Um mecanismo previamente preparado liberta os bichos no meio do voo, enquanto um feromônio especial colocado no sistema de circulação de ar vai ser responsável por fazer os animaizinhos ficarem irritadiços e prontos para atacar qualquer um que virem pela frente. O resultado são picadas e mordidas em todos os lugares possíveis e imagináveis do corpo humano e um caos total dentro do South Pacific Air 121. Pois é, agora você sacou todo o plano de Kim: se não podemos matar Sean Jones, vamos derrubar o avião da forma mais insuspeita possível. Genial, não? ;)
O grande ponto de Serpentes a Bordo, no entanto, é que a bilheteria não fez jus ao que a New Line Cinema esperava depois de todo o hype na internet, toda a loucura no painel do filme em plena San Diego Comic-Con, toda a cobertura da imprensa especializada. Vamos nos lembrar mais uma vez: o ano ainda era 2006. Com um orçamento de US$ 33 milhões, o filme fez pouco mais de 1 milhão a mais do que isso dentro dos EUA. Uma performance modesta, que no entanto acabou complementada pelo que rolou globalmente, chegando às cifras totais de US$ 62 milhões. Não é pouco. Mas, definitivamente, estava muito longe daquilo que os executivos do estúdio imaginavam.
“As pessoas estavam esperando um grande blockbuster – e qualquer coisa que fosse menos do que um blockbuster seria chamado de fracasso”, afirma o antigo fã Finkelstein, ouvido pela revista The Atlantic alguns anos depois.
Especialistas do mercado de entretenimento, no entanto, defendem que o problema foi colocar tanta força assim nas mãos dos fãs, reescrevendo o filme para que ficasse EXATAMENTE como eles queriam. Um editorial do Rotten Tomatoes afirma: “Serpentes a Bordo sabe que é um filme estúpido e bobo, mas eis o tamanho de seu autoconhecimento: ele dá ao público o que ele acha que quer de uma maneira tão tediosa que se torna menos um filme cult que vai inspirar fanfictions e mais uma fanfiction por conta própria”. E eis que completa um artigo do Collider: “Ao invés de ouvir o que a internet acha que uma produção deveria ser, Hollywood deveria dar ouvidos às pessoas contratadas para fazer aquele filme”.

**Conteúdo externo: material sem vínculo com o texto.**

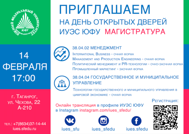 ИУЭС ЮФУ приглашает на День открытых дверей по магистерским программам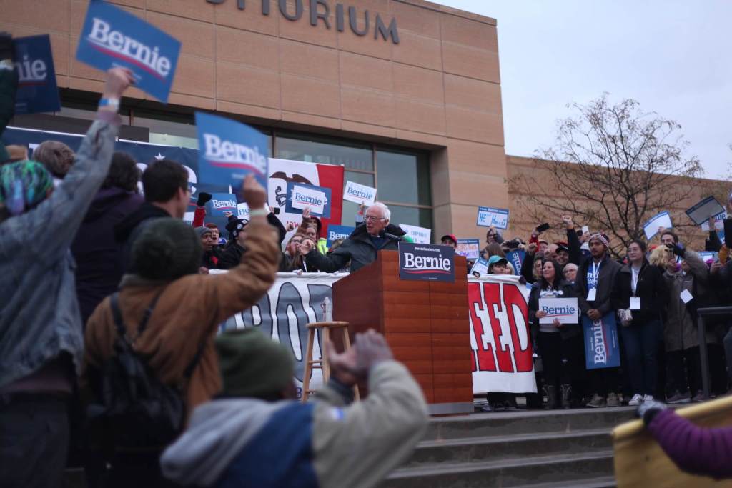 The candidate then marched with his crowd into the event venue, but his supporters are holding a separate event across the street, livestreaming Sanders’ speech into it.

Bom, aí nós temos o Zack Snyder para tornar esta discussão um pouco mais complicada, não é mesmo? ;)
De qualquer maneira, Samuel L.Jackson é daqueles que, até hoje, defendem o filme como ficou. “Fodam-se os críticos”, disparou em 2014, quando perguntado a respeito de Serpentes a Bordo durante as entrevistas de divulgação de Capitão América: O Soldado Invernal. “Eu ainda escolho fazer certos filmes porque eles seriam filmes que eu veria quando era moleque”, explica. “Então, quando as pessoas criticam Serpentes a Bordo, eu fico, ‘Foda-se’, sabe? Este é um filme que eu veria quando era moleque, então estou satisfeito de me ver nele”.